预处理 Evol-Instruct-Code-80k-v1 数据集为 parquet 格式
"""

import os
import datasets
import json
import argparse


if __name__ == '__main__':
    parser = argparse.ArgumentParser()
    parser.add_argument('--local_dir', default='data/evol_instruct_code')
    parser.add_argument('--train_start', type=int, default=0)
    parser.add_argument('--train_end', type=int, default=0)

    args = parser.parse_args()

    data_source = 'nickrosh/Evol-Instruct-Code-80k-v1'
    print(f"从 huggingface 加载 {data_source} 数据集...", flush=True)
    dataset = datasets.load_dataset(data_source, trust_remote_code=True)

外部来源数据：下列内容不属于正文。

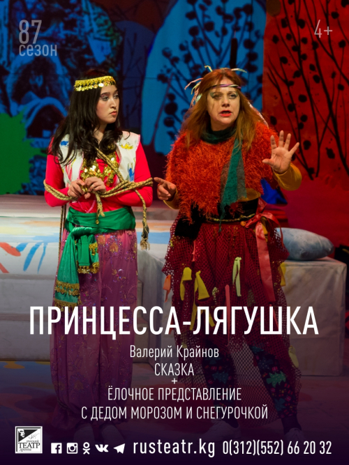 Русский театр драмы имени Чингиза Айтматова организует новогоднее елочное представление с Дедом Морозом и Снегурочкой, а также покажет премьеру новой красочной сказки «Принцесса-Лягушка». Спектакли будут идти каждый день вплоть до 9 января следующего года.
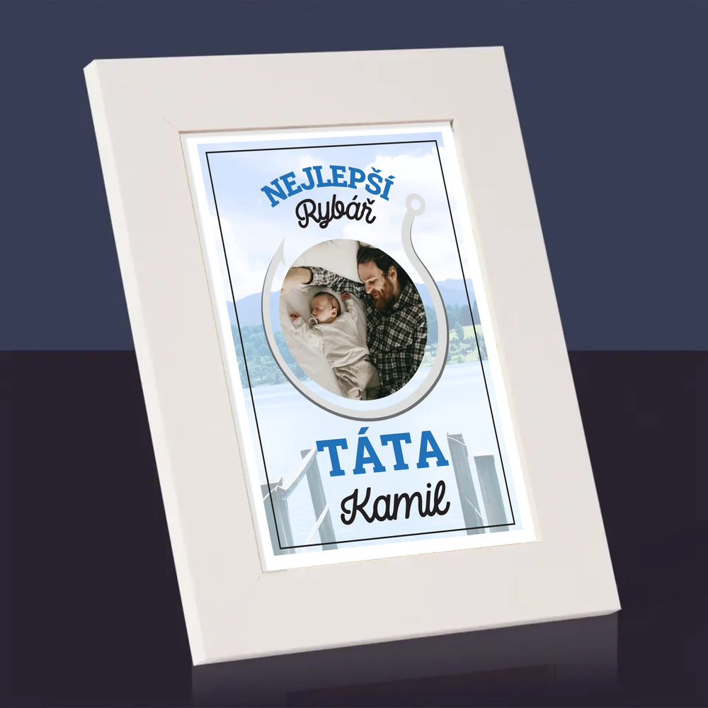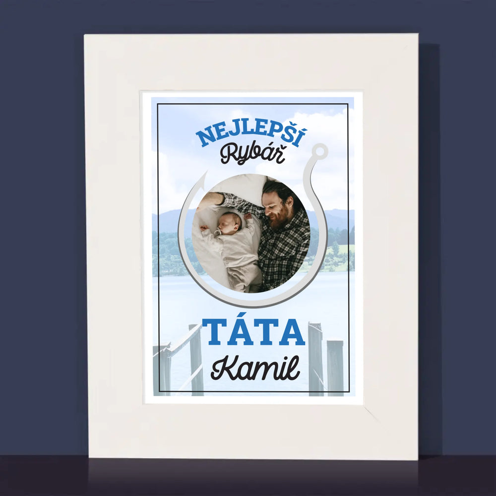 Fotka S Textem: Nejlepší Rybář Táta - Fotorámeček - vertikální

    train_dataset = dataset['train']
    args.train_end = min(args.train_end, len(train_dataset))
    if args.train_end > 0:
        train_dataset = train_dataset.select(range(args.train_start, args.train_end))

    # 为每个数据项添加一行，表示唯一 id
    def make_map_fn(split):
        def process_fn(example, idx):
            # 从原始数据中提取字段
            question_raw = example.get('instruction', '')
            answer_raw = example.get('output', '')
            
            data = {
                "data_source": data_source,
                "prompt": [
                    {
                        "role": "user",
                        "content": question_raw
                    }
                ],
                "ability": "coding",
                "reward_model": {"style": "rule", "ground_truth": answer_raw},
                "extra_info": {
                    "split": split,
                    "index": idx,
                    "question": question_raw,
                    "answer": answer_raw,
                },
            }
            return data

        return process_fn
    

    train_dataset = train_dataset.map(function=make_map_fn('train'), with_indices=True)
    
    print(f"训练数据集长度: {len(train_dataset)}")
    local_dir = args.local_dir
    if args.train_end > 0:
        train_dataset.to_parquet(os.path.join(local_dir, f'train_{args.train_end}.parquet'))
    else:
        train_dataset.to_parquet(os.path.join(local_dir, 'train.parquet'))
    print(train_dataset[0])